NHM: Brasilien – 200 Jahre Beziehungsgeschichten

Im Jahr 1817 heiratet die vierte Tochter Kaiser Franz I., Erzherzogin Leopoldine von Habsburg, den portugiesischen Kronprinzen Dom Pedro und wird so Kaiserin von Brasilien und Königin von Portugal. Dieser historische Zusammenschluss bildet den Ausgangspunkt für eine Ausstellung im Naturhistorischen Museum Wien, die seit 7. Juni 2022 und noch bis zum 23. April 2023 Einzug in die vier Kabinette und Sonderausstellungssäle des weltberühmten Naturmuseums hält.

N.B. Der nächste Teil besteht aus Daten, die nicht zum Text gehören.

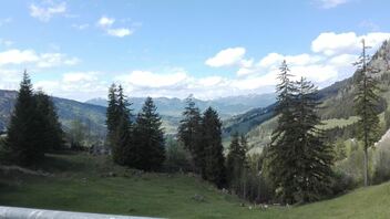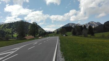 Auf lauter kleinen Stäßchen und durch Weiler versucht, irgendwie drumherum zu kommen. Endete aber auch nur an einer Kuhweide. Also mal wieder Wenden am Berg auf Schotter...

Unter dem Titel „Brasilien – 200 Jahre Beziehungsgeschichten“ werden hier Ausschnitte einer einzigartigen Sammlung gezeigt, die ihren Anfang mit der Vermählung Leopoldines und Dom Pedros nahm. Anlässlich der Hochzeit wurde unter der Leitung des damaligen Staatskanzlers Metternich eine großangelegte Expedition initiiert, im Zuge derer ein Team an Wissenschaftlern über vier Jahre vor Ort sammelte und dokumentierte. Der Präparator Johann Natterer blieb sogar 18 Jahre lang und sammelte in dieser Zeit zigtausende (Natur)-objekte, die er allesamt nach Wien sandte. Die Naturalienkabinette der Hofburg waren bald überfüllt und so wurde 1821 sogar ein eigenes Museum in Wien – das sogenannte Brasilianum – eröffnet.

Die teils fast 200 Jahre alten originalen Tier- und Pflanzenexponate sind heute wesentlicher Bestandteil der aktuellen Ausstellung.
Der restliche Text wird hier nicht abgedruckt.